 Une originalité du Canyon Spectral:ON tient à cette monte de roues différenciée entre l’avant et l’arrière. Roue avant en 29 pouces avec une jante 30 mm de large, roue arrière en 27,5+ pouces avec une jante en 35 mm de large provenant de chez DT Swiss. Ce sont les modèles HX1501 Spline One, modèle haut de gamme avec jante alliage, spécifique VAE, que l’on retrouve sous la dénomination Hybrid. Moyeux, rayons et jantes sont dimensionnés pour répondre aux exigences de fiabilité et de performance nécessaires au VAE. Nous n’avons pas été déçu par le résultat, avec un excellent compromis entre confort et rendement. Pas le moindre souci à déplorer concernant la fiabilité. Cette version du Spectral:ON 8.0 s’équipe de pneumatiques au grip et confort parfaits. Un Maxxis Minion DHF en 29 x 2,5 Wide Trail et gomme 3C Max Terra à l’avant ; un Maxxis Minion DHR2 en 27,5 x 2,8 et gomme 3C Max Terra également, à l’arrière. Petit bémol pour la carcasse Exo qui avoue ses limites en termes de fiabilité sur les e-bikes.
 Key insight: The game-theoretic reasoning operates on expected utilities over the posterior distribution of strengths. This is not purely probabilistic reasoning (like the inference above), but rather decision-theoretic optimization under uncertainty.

--

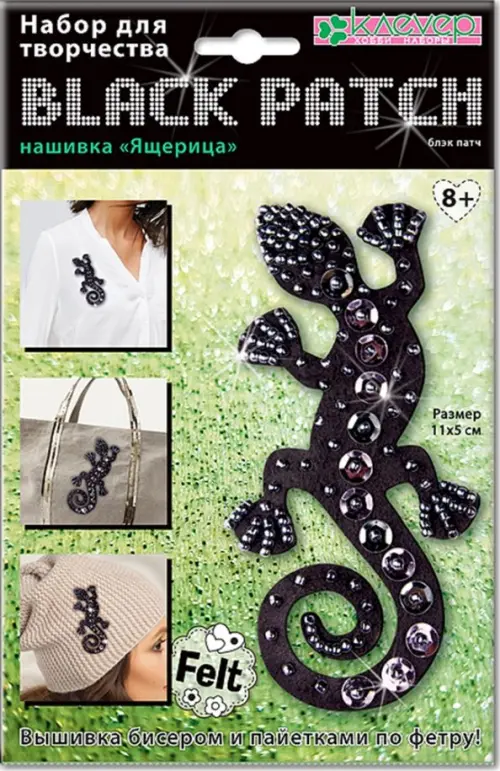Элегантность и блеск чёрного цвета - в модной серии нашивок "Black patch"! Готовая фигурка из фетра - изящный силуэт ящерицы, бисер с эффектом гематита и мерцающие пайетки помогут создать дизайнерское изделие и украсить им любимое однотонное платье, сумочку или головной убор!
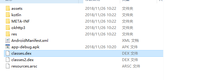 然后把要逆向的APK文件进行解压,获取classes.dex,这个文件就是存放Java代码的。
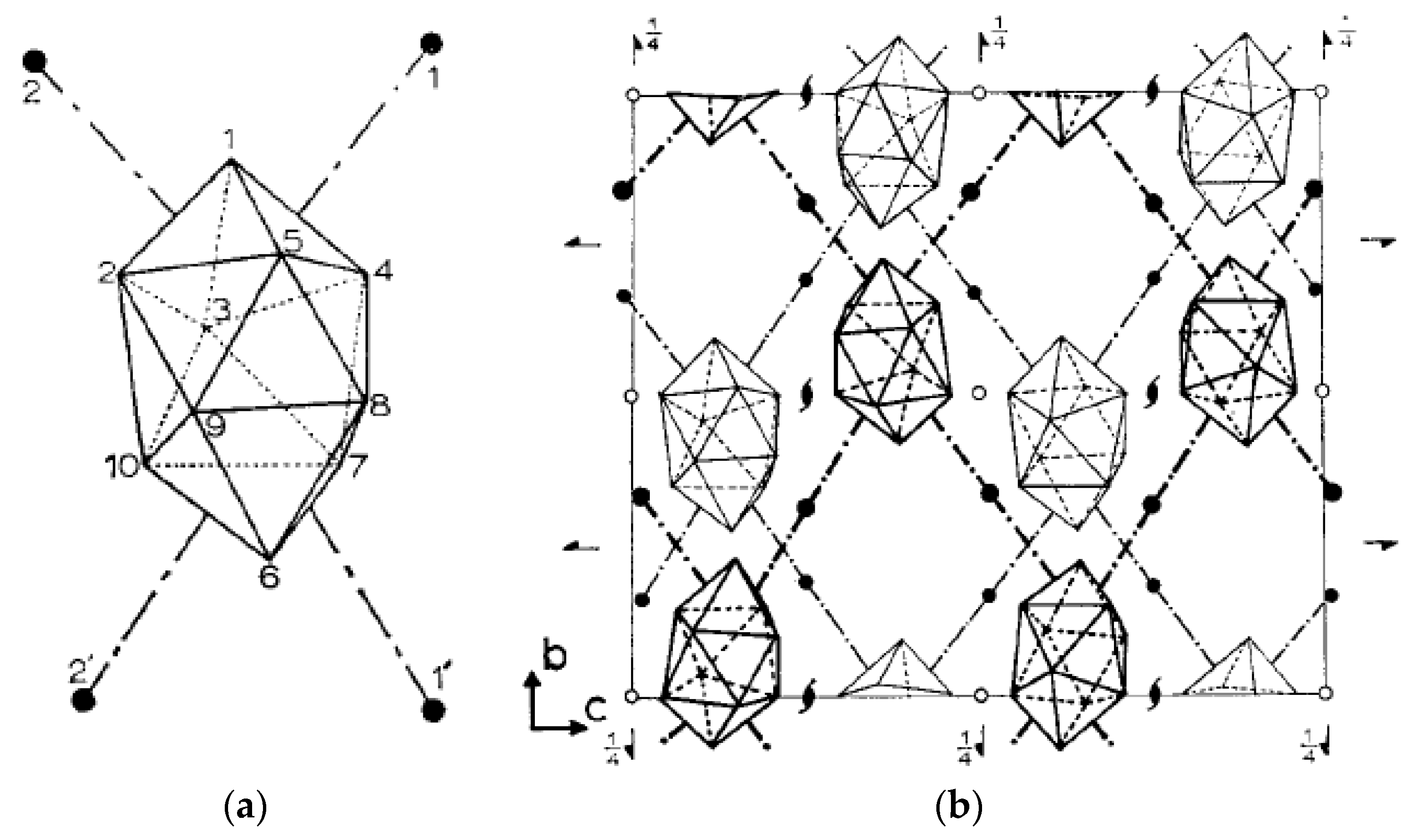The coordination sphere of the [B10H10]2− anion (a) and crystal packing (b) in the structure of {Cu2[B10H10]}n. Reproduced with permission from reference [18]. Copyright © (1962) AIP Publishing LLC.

Work required |
Pictures do not belong in the answer. Return the lines above starting at the one with "Элегантность и блеск" and ending at the one with "The coordination sphere", both kept, exactly.

Task solution |
Элегантность и блеск чёрного цвета - в модной серии нашивок "Black patch"! Готовая фигурка из фетра - изящный силуэт ящерицы, бисер с эффектом гематита и мерцающие пайетки помогут создать дизайнерское изделие и украсить им любимое однотонное платье, сумочку или головной убор!
 然后把要逆向的APK文件进行解压,获取classes.dex,这个文件就是存放Java代码的。
The coordination sphere of the [B10H10]2− anion (a) and crystal packing (b) in the structure of {Cu2[B10H10]}n. Reproduced with permission from reference [18]. Copyright © (1962) AIP Publishing LLC.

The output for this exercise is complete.